Consultation into River Thames Scheme plans reaches final week

Image of River Thames

A public consultation asking for views on new plans which respond to the challenges of flooding and creating more access to open green spaces and sustainable travel routes has entered its final week.

The River Thames Scheme launched a consultation for feedback on plans which include a new flood channel which will reduce the risk of flooding to homes, businesses, and infrastructure, while also providing habitat for wildlife and a new feature in the landscape for recreation. The consultation closes on 20 December.    

River Thames Scheme project director Jeanne Capey said: 

“There’s just one week to go of this consultation and I urge anyone interested in the scheme to visit our website to find out more about the proposals and share their thoughts with us. Peoples’ feedback on our proposals will help us develop plans and deliver improvements which benefit the local community and the environment.” 

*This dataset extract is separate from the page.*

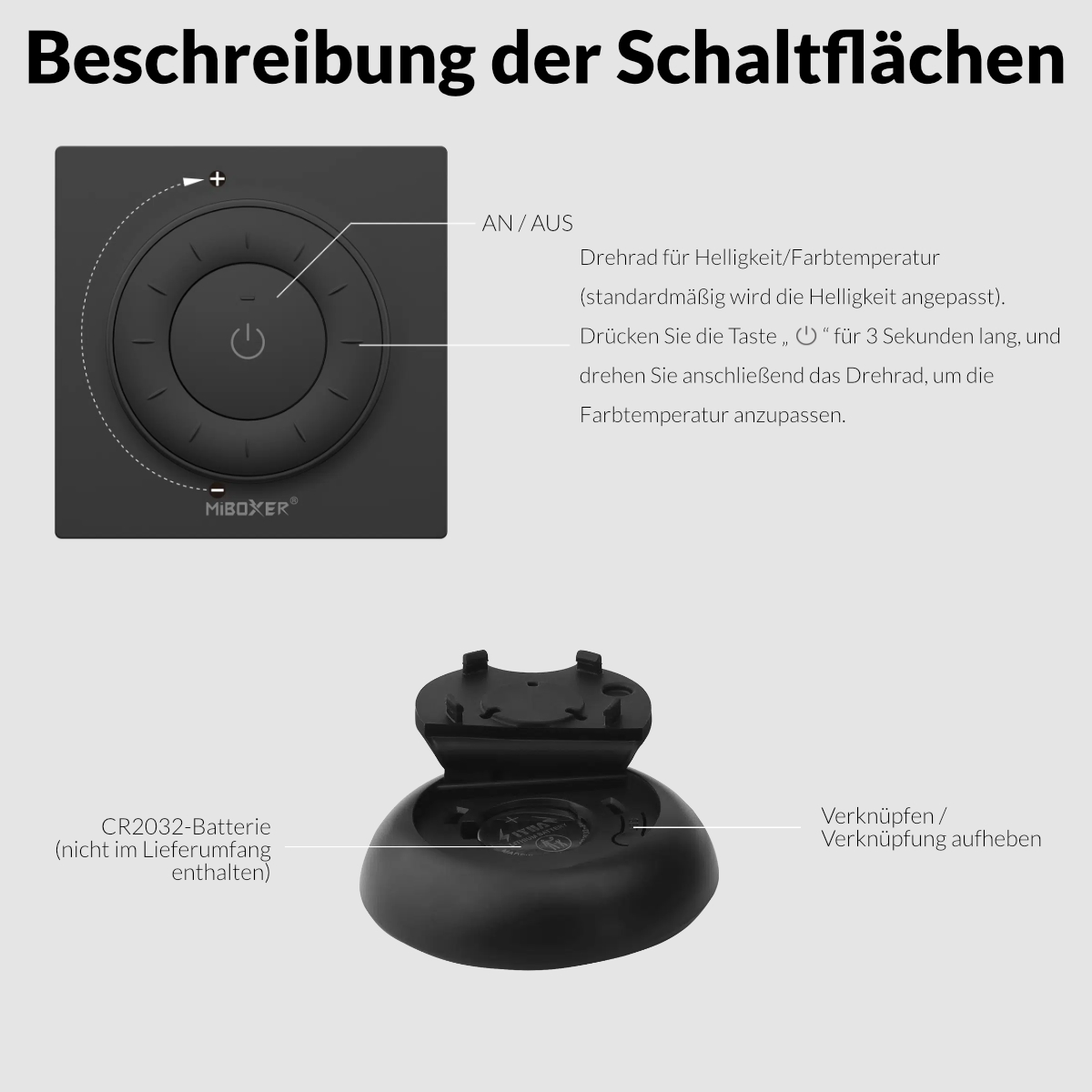 Drehbare Fernbedienung Dimmer / Schalttafel für CCT LED-Streifen – Miboxer / Mi-Light K3 / K3-B

Surrey County Council Cabinet Member for Highways and Community Resilience, Kevin Deanus said:

“I would encourage people to get involved and feedback their thoughts on these exciting proposals. This is a real opportunity for people to shape the future of green spaces in their local community.”

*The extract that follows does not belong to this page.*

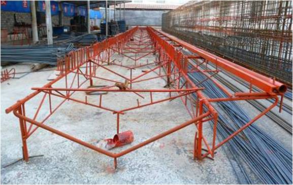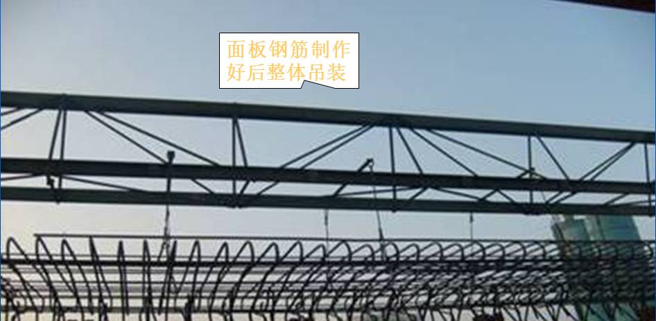 面板钢筋也可整体绑扎好后再进行吊装。加工平台根据设计图纸固定间距槽,间距槽采用8# 圆钢以疏筋形式焊制,再将半成品钢筋摆放于平台钢筋间距槽内进行绑扎。钢筋面板制作平台外侧按照翼缘环形钢筋位置固定一根纵向钢管,以保证环形钢筋整齐。

Full details of the consultation and how to get involved please visit the website at or call the Environment Agency National Customer Contact Centre on: 03708 506 506.


Notes to editors

  • For more information, high-res images and interviews please contact Ellie Rogers at   
  • The River Thames Scheme is being delivered in partnership between the Environment Agency and Surrey County Council.   
  • The scheme’s wider partners are Elmbridge Borough Council, London Borough of Richmond upon Thames, Royal Borough of Kingston upon Thames, Runnymede Borough Council, Spelthorne Borough Council, Thames Regional Flood and Coastal Committee, Thames Water, Enterprise M3 Local Enterprise Partnership, Thames Valley Berkshire Local Enterprise Partnership. 
  • The River Thames Scheme is an integrated scheme which responds to the challenges of flooding, creating more access to green open spaces and sustainable travel, in addition to encouraging inclusive economic growth, increasing biodiversity and responding to the dual challenges of climate change and nature recovery.       
  • The project aims to deliver many benefits for local communities and businesses. The new flood channel will reduce the risk of flooding to homes, businesses, and infrastructure, while also providing habitat for wildlife and a new feature in the landscape for recreation. 
  • The River Thames Scheme will include:  
  • a new river channel built in two sections – one section through Runnymede (between Egham Hythe and Chertsey) and one through Spelthorne (between Littleton North lake and the Desborough Cut)      
  • capacity increases around the Desborough Cut and at the weirs at Sunbury, Molesey and Teddington      
  • improved access to quality green open space and connections with wildlife, in addition to supporting a more sustainable travel network      
  • a network of high-quality habitat to achieve a biodiversity net gain    
  • The River Thames Scheme will reduce flood risk to people living and working near the Thames, enhance the resilience of nationally important infrastructure, contribute to a vibrant local economy and maximise the social and environmental value of the river. 
  • There have been serious floods in this area over the past 100 years, namely in 1947, 1968, 2003 and most recently between 2013/2014. 
  • The new flood channel will reduce flood risk to over 11,000 properties and 1,600 businesses in Hythe End, Egham, Staines, Chertsey, Shepperton, Weybridge, Sunbury, Molesey, Thames Ditton, Kingston and Teddington. 
  • There will be increased capacity of the Desborough Cut and weirs at Sunbury, Molesey and Teddington by installing additional weir gates. 
  • Detailed planning and design are under way. The large scale of the project means the government has directed that it be treated as a project of national Significance. This requires a type of consent known as  a ‘development consent order’ (DCO). A DCO removes the need to obtain several separate consents, including planning permission and is designed to be a quicker process than applying for these separately.